In this article, under the heading, Diagnostic Methods, you will see a particular type of testing mentioned. Here is a quote from this section:

"The diagnostic procedure consists in confirmation of >12 Hz tremor in weight-bearing muscles during stance and absence after sitting (by electromyography) and not placing weight on the feet. There should be no extrapyramidal, cerebellar and/or other signs (except arm tremor), nor abnormal findings at adaptive optics (AO) imaging, electroneurography, or blood tests, which might point to OT-plus, secondary OT, or a comorbidity."

I'm wondering if both of you had this diagnostic test?

As these tremors are considered "rare" and "orphan disorders", it is completely understandable that you would find it difficult for a doctor to understand and treat them effectively.

Under the Management and Treatment heading of the article, several medications are mentioned that might help with the symptoms. I'm wondering if either of you has tried any of these meds?

I look forward to hearing from you again!

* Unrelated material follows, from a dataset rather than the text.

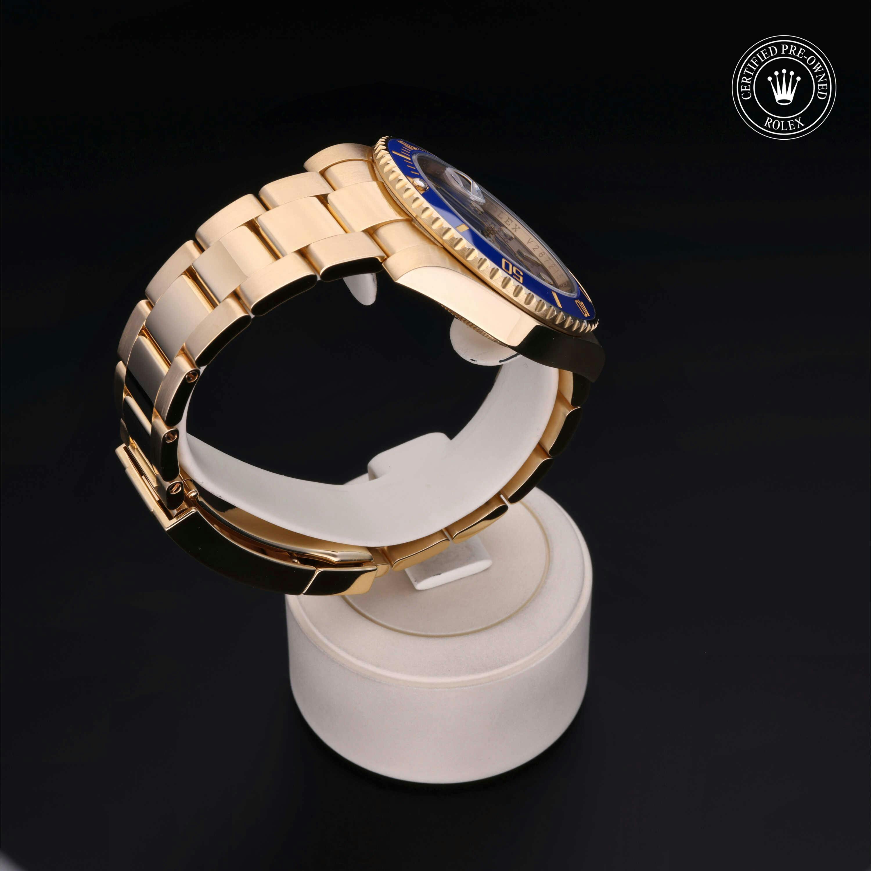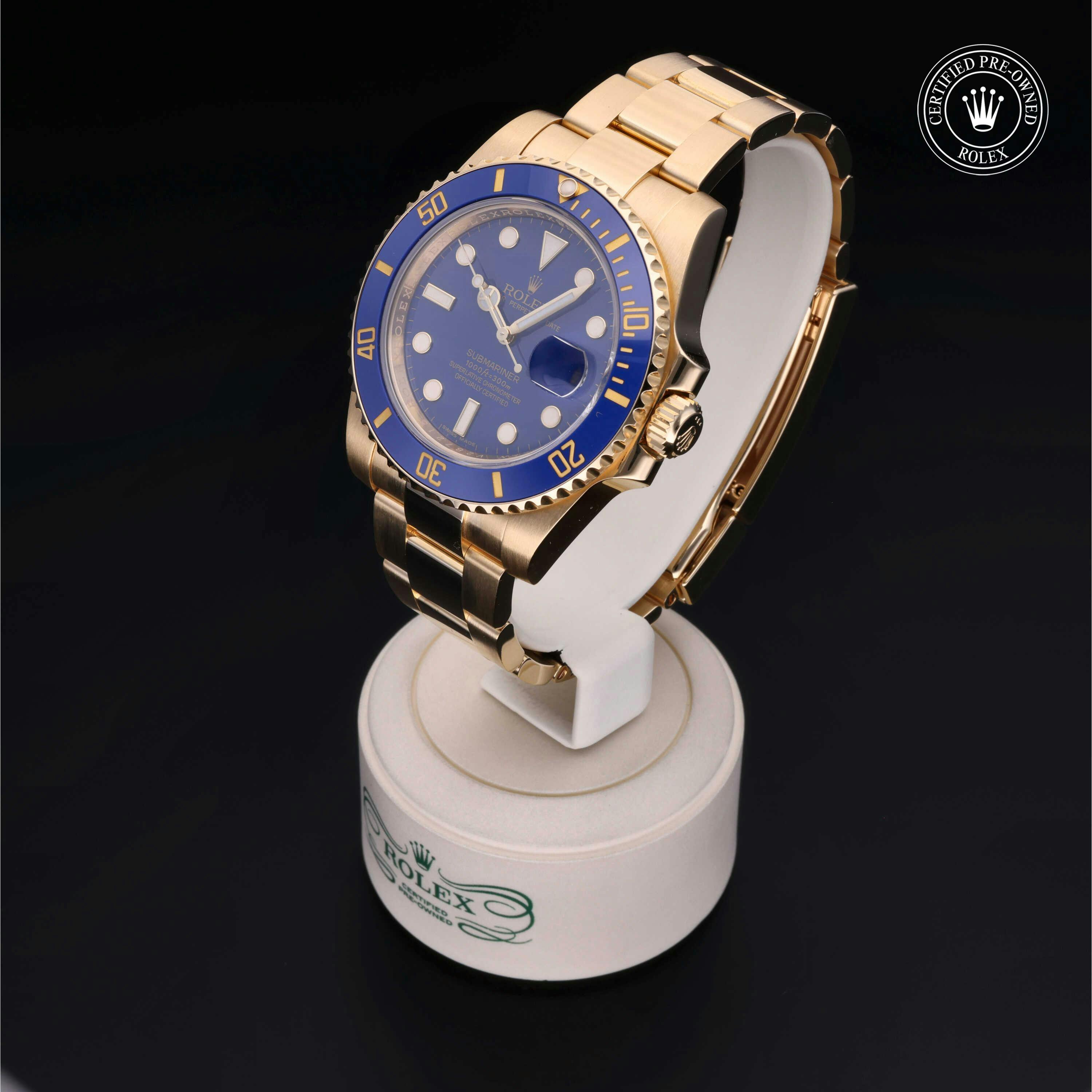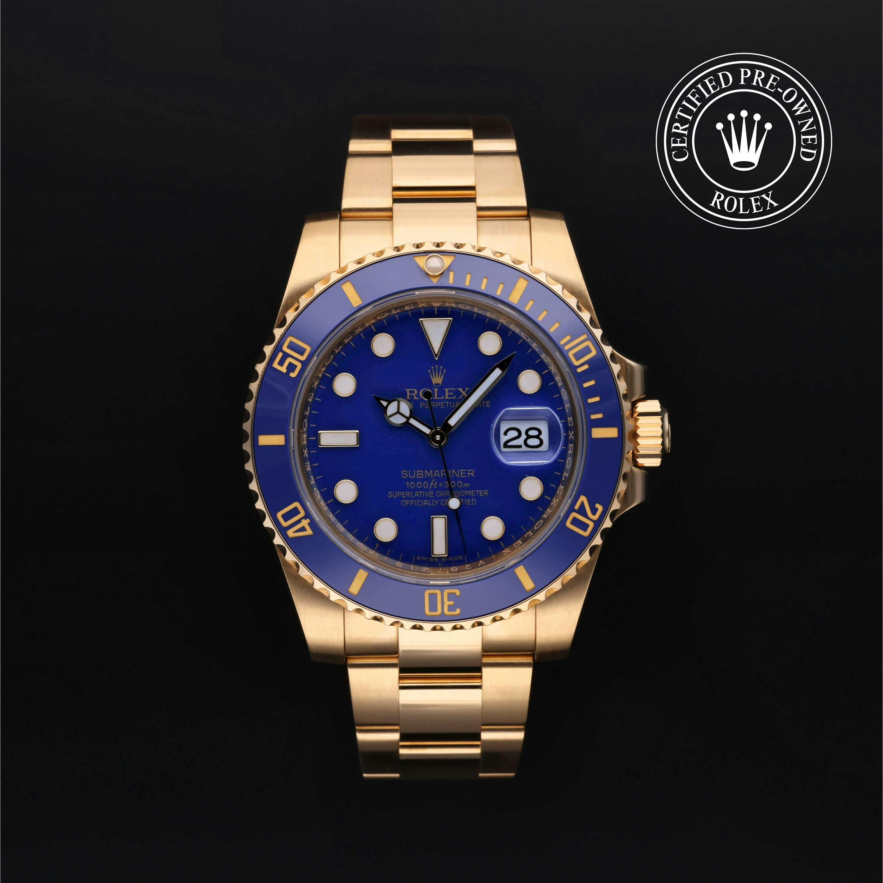 Rolex Certified Pre-Owned Submariner (116618LB) self - winding automatic watch, features a 40mm 18k yellow gold case with a blue cerachrom bezel insert surrounding a blue dial on an 18k yellow gold oyster bracelet. Functions include hours, minutes, seconds and date. This watch has received Rolex-authorized service and certification. It comes with the original box and papers, and includes a custom Rolex Certified Pre-Owned hang tag, travel pouch and RCPO international warranty card.

@hopeful33250 thank you for the links! A friend had sent me the NORD article, but I was not aware of the Orphan Disease article.
I did have an EMG at rest, but my neurologist has not suggested any further testing. I may bring the test you pointed out up with my neurologist at our next assessment. Only suggestions I have received so far have been to keep doing what I am already doing, and let them know if any new symptoms develop or change. The only meds I am on are levothyroxine for my thyroid, and carbidopa levadopa for the PD. I do water aerobics 3 times a week, and try to get in a good hike on most of the other days, but with winter coming I may need to find other indoor movement options. I am signed up for a balance class. Interesting that I finally have calf muscles of steel for the first time in my life😆. My diet is good, my bloodwork is excellent.
My father had essential tremors, and later Alzheimer’s, his brother had Parkinsons, so I’m familiar with how this will probably go. I’ll keep working out until I can’t anymore.
😂 Since I seem to be that zebra weirdo, I’m going to look into some PD studies to see if they can learn anything from my case that might be of use to someone else down the line.
The brain is fascinating !

@hopeful33250 oops- just realized I did not completely answer one of your questions. No I have not as yet tried any of the other medications mentioned in that article. I was diagnosed August of 2025, after a whole bunch of odd symptoms slowly developed that actually align pretty well with PD. My odd tremors started about 2 years ago. I am told I am in the “early” phase, and am kind of a nerd so trying to be proactive about it. So far the C/L is working pretty well for me, and I am grateful for that.